Clinical Text Classification Project — CT/MRI reports (Data Discovery)

Abraham Niu
3 min readDec 7, 2020

Background:

Every time you visit the doctor, your complete medical history and your data are captured by huge electronic health records (EHR) systems. This data possesses a lot of potential usages for new insights in precision medicine. However, a major roadblock in the optimal repurposing of this data is that they are mostly unstructured (free-text) rather than well-organized and ready to analyze. These electronic health records also are filled with healthcare jargon that makes it difficult to fit with current text classification models.

UCSF currently has a pair of classifiers that perform the sequential tasks: 1) identifying classifiable reports according to the Mayo Score (a disease activity score for Ulcerative Colitis) 2) assigning a Mayo score in relevant reports. In this project, I — along with 3 other students — worked with UCSF gastroenterologist Vivek Rudrapatna to extend these techniques to other reports. As such, we intend to answer the question: given the limitations posed by unstructured and jargon-filled data in electronic health records, how can we expand on current clinical techniques to abstract important data for Crohn’s disease using self-supervision +/- supervision, general clinical notes, and CT and MRI reports.

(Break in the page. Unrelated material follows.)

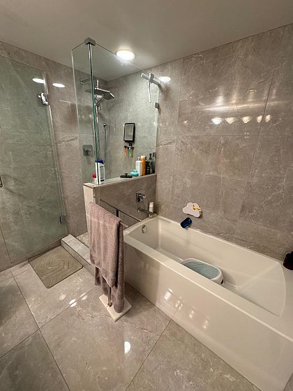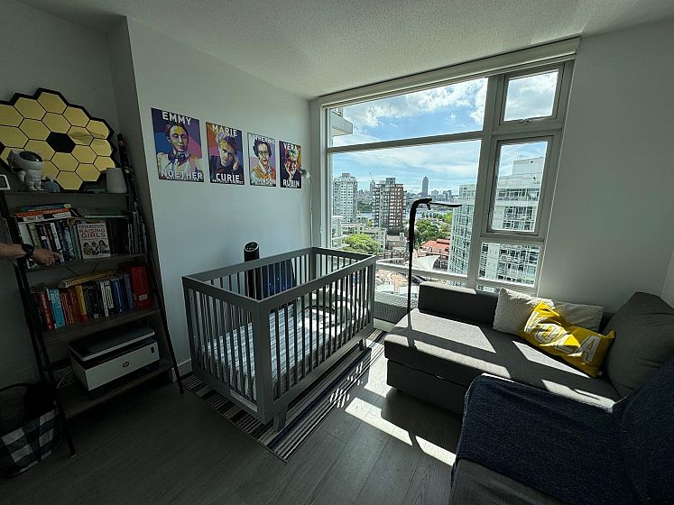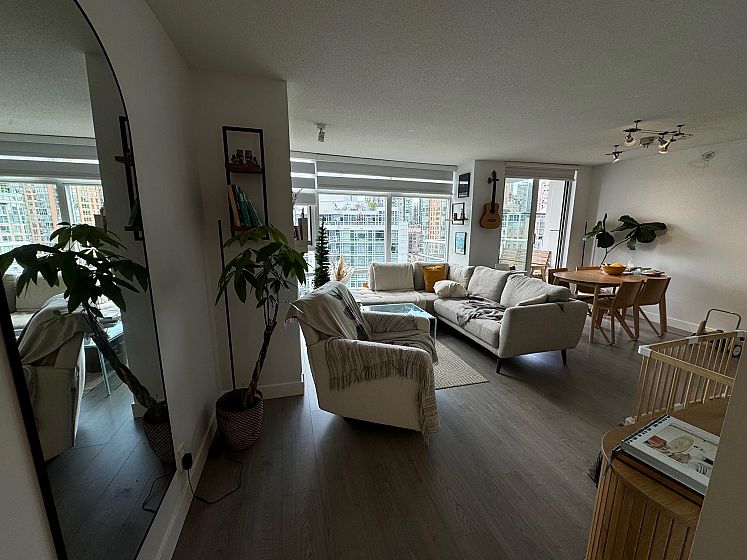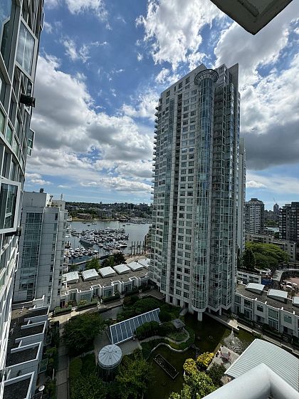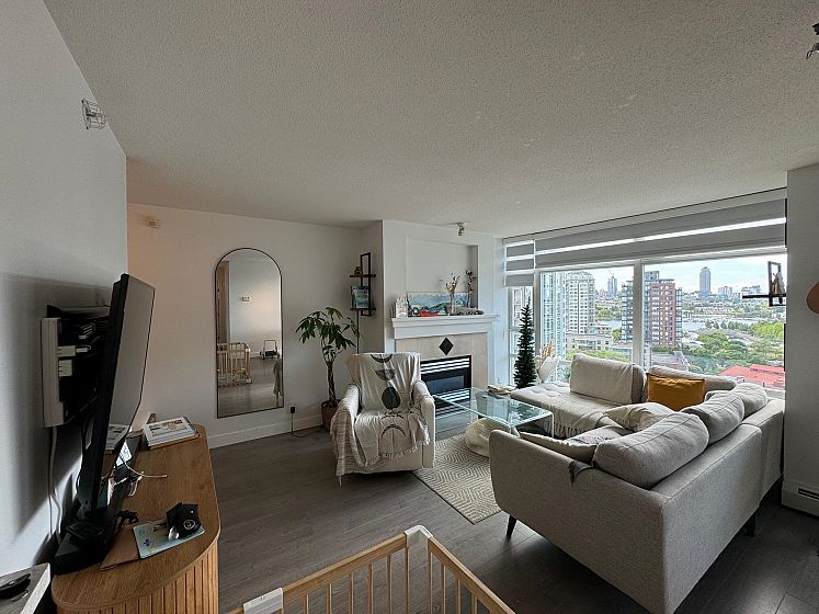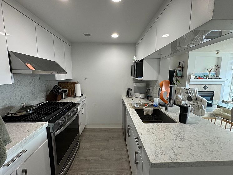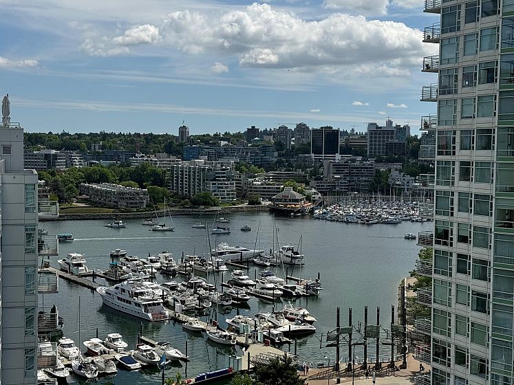 Beautiful, SW facing unit with water views! Fully renovated in 2020, including appliances and flooring, kitchen and both bathrooms. Bright and updated 2 bedroom apt with 2 full baths, fireplace, large den, storage, 2 parking stalls. and views ! Amazing location, just steps to sea wall, parks, Urban Fare, coffee shops and restaurants. Amenities include indoor pool, hot tub, sauna, steam room, exercise room, and concierge.

In doing so, we hope the models that we create can prove to be a step taken towards unlocking the full information content hidden within Electronic Health Record (EHR) systems and accelerating clinical processes and research.

My particular project focuses on the CT/MRI reports aspect of the project. By carefully observing reports in the database, identifying keywords and patterns for regex-based features, I contributed in cleaning, organizing, and preprocessing the data for further development. Although the final product we are hoping for is still in-progress, after this semester ends, I will be continuing my work to develop and train a classifier to predict the label from different reports (active vs inactive disease). At the final stage, we hope to publish our results and reproduce our code to allow for more members of the public to use.

The Data:

The data we used is from UCSF Medical Center’s extensive EHR system. I worked with a dataset of over 13,000 rows for patients at risk of inflammatory bowel disease (IBD). There may be biases in the data depending on how different doctors take note of patient conditions. The data was largely unstructured and had missing values. To combat this, I cleaned the data by parsing the “notes” section (see below) and reformatted it by emphasizing on the “Impressions” (or the summaries of the report).

Example of Parsed CT/MRI reports (“mrn” refers to patient number, “service_date” refers to date and time of report, and “result” is the complete report)
Example of Cleaned Dataframe. “Impressions” are the primary summary of the report, which are expanded to have 1 impression per row. The columns to the right refer to indicator variables that display the presence of various phrases and words that are common to IBD and whether they are present in the Impression or not. This can be further used for classification purposes.
Example of regex-based features to parse notes and create indicator variables in initial stages of text extraction.

Your Solution/Model

We are still in the process of designing a model for classification, but so far, we have created a structured dataframe with features to use for classification. Since we are still working on finalizing the model, we do not have results yet, but we expect to develop, validate, and deploy a series of text classification models on a variety of textual documents present with electronic health records systems. We intend to compare our models to human-level performance and create a classifier that can label active from inactive disease with at least ~92% accuracy. As a result of our finalized work, we hope to save time and resources in healthcare facilities by freeing up human time for other tasks and accurately predicting which EHR files relate to disease. In doing so, we can further diagnose and treat patients more efficiently. In terms of sustainability, so far, the code we have may be a bit difficult to follow along, so we can definitely continue to record our steps and observations better to allow for readers to follow along.

Written by Abraham Niu

This blogpost is for my Data Discovery project presentation.